Ночью в который уже раз мне приснился странный сон. Множество людей смотрят на меня с непонятной надеждой. А я лишь улыбаюсь им в ответ, совершенно не представляя, чего именно все они от меня хотят.
Глава одиннадцатая
Денек выдался на редкость жарким, и, когда мы подошли к каньону, мне казалось, что весь путь наш лежит в бесконечной парной. Одежда пропиталась потом настолько, что щипало кожу. В берцах разве что не хлюпало, а во фляжке вода плескалась на самом донышке.
Грек объявил привал, и мы ненадолго уселись в тени, ловя ртами раскаленный воздух и мечтая о роднике с ледяной водой, от которой заломило бы зубы.
Вход в каньон не представлял собой ничего особенного. Длинный пологий спуск, каменистый, как и все вокруг. Но сам каньон поражал своей грандиозностью. Высоченные отвесные стены, казалось, достигали небес. И неудивительно, что внизу царил полумрак.
— Этот путь хорош тем, что вряд ли за нами сюда кто-то сунется, — пояснил Гудрон.
Что как раз и понятно: слишком ценен наш груз. Этакие капли янтарного цвета, способные вбирать в себя эмоции. И ценятся здесь они превыше всего другого. За исключением конечно же пикселей. Но те являются местной валютой, и на нее можно купить все что угодно.
Как мне удалось понять из разговоров, вся та груда жадров, которая, разделенная поровну, покоилась до поры до времени в рюкзаках, за исключением моего собственного, досталась Греку и остальным случайным образом. Они не скупали их где только можно, а получили, так сказать, одномоментно. Каким именно образом — не очень-то они об этом и распространялись. Но, немного узнав этих людей, я не сомневался: крови на жадрах быть не должно. А если она и есть, то непременно тех, кто полностью свою участь заслужил. Теперь только и оставалось, что жадры заполнить. У лучшего, кто способен это сделать.

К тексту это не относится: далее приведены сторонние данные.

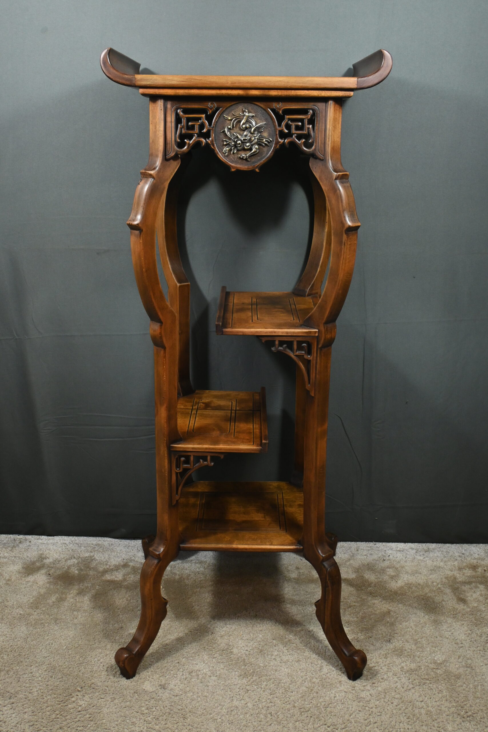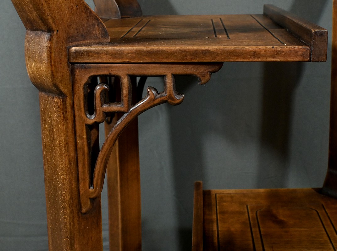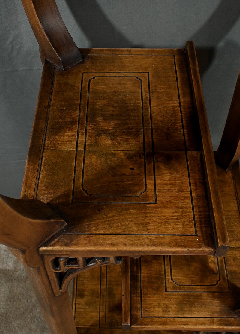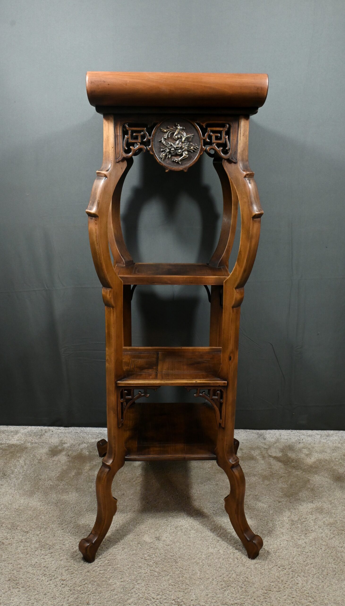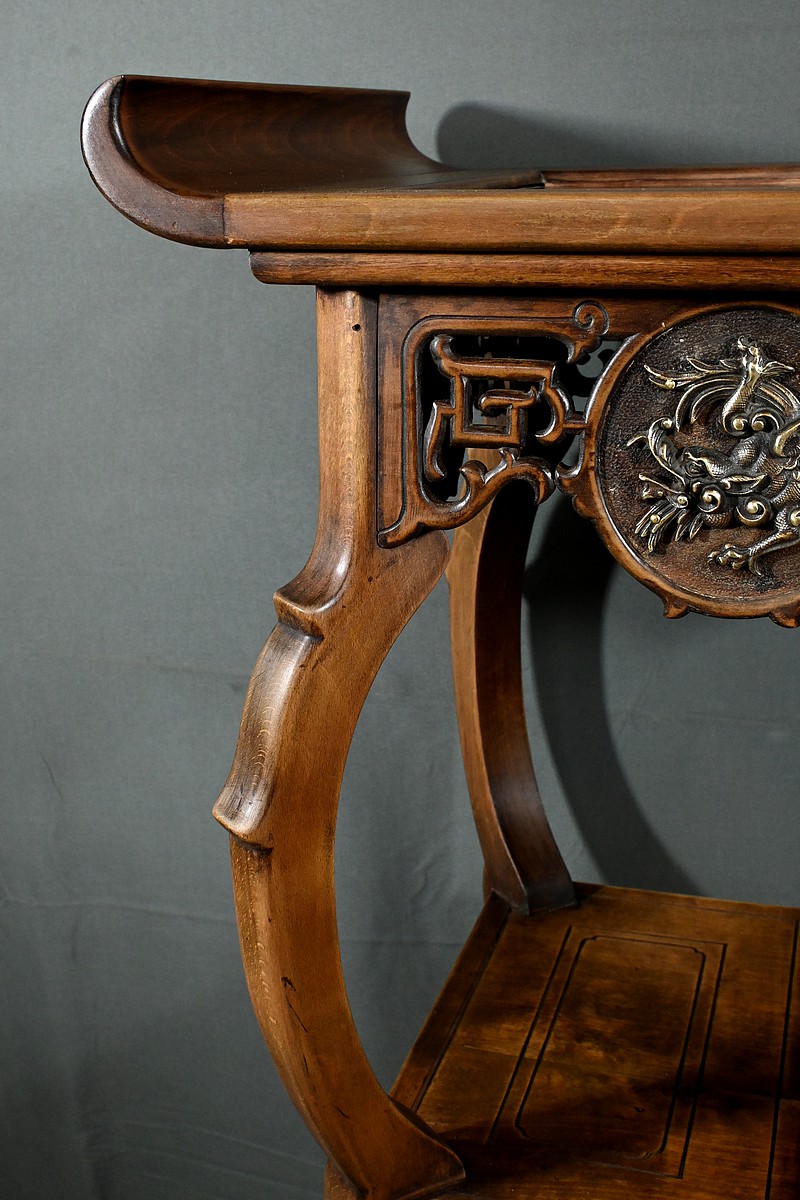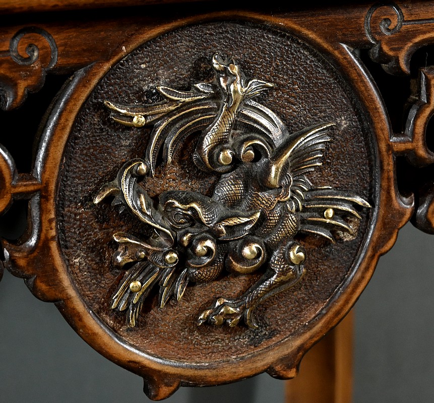 Magnifique sellette haute en hêtre teinté sculpté et ajouré, inspirée des créations de Gabriel Viardot. Inspirée par l’esprit d’Extrême-Orient, cette sellette se distingue par ses tablettes d’entrejambe finement incisées de motifs géométriques et accompagnée de rebords. Ses façades sont agrémentées de grands médaillons en bronze en partie supérieure. Ils représentent chacun un dragon en vol, ajoutant une dimension mystique à ce mobilier. Ce dernier possède des pieds mouvementés et un plateau encastré en marbre griotte de Belgique qui offre une surface lisse et durable, idéale pour mettre en valeur vos objets décoratifs.
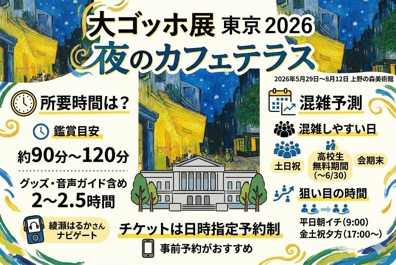 そこで今回は、東京開催の「大ゴッホ展 夜のカフェテラス」を、所要時間・混雑・チケットの3つを中心に、できるだけ実用的に書いていきます。

Что будет потом… Насчет будущего строилось много планов, но общей договоренности пока не было. Все верно, сейчас это называется — делить шкуру неубитого медведя. Вначале необходимо прибыть на место, не потеряв при этом ни жадры, ни людей.
Как я понимал, на Вокзал можно добраться и другим, более коротким путем. Но самый короткий далеко не всегда означает самый безопасный, и потому Грек вел свой отряд так, чтобы запутать возможного преследователя. А заодно не позволить устроить ему засаду в самом подходящем месте где-нибудь впереди.
Что касается меня самого… ну а что мне еще оставалось, как не идти вместе со всеми? И надеяться — если все сложится удачно, мне тоже кое-что перепадет. Как выразился Грек — в зависимости от личного вклада в общее дело.
— Никто не сунется, говоришь? Нам самим бы здесь не остаться, — высказался Гриша.
— Стены могут обрушиться? — спросил я.
— Не исключено, конечно, но дело не в этом. Понимаешь, здесь попадаются такие участки, когда люди как будто сходят с ума.
— И что тому причиной?
— Не знаю.
Я покосился на Славу, но тот лишь пожал плечами.
— Возможно, ультразвук, возможно, испарения, возможно, что-то еще. Да и не это главное.
— А что именно?
— Держать себя в руках. А то бывали случаи.
— Какие еще случаи?
— Когда на своих начинали кидаться. Мало того, еще и хватались за оружие. Так что ты и себя контролируй, и на других не забывай поглядывать.
Гриша со Славой говорили вполне убедительно. В том, что они не шутят, заверяла и серьезность остальных. А когда все вдруг защелкали предохранителями, мне стало совсем не по себе. В той ситуации, когда кто-нибудь вдруг сойдет с ума и начнет палить в своих, куда логичнее было бы не ставить оружие на боевой взвод. Наоборот, следовало бы его разрядить. И тогда Гудрон пояснил:
— В каньоне птеров хватает с избытком. Любят они на карнизах гнезда себе вить. Целые колонии попадаются. Помимо других тварей. Так что не лишним будет.
После часа ходьбы Грек остановился и объявил:
— Сразу за поворотом переходим на бег. И бежим до тех пор, пока не поравняемся со скалой, где белые отметины. Там выходы кварца, и их хорошо будет видно.
— Первое такое местечко? — спросил я у Профа, и он кивнул. — И много их предстоит?
Ответить он не успел, поскольку Грек, подавая пример, рванул так, что стало не до разговоров.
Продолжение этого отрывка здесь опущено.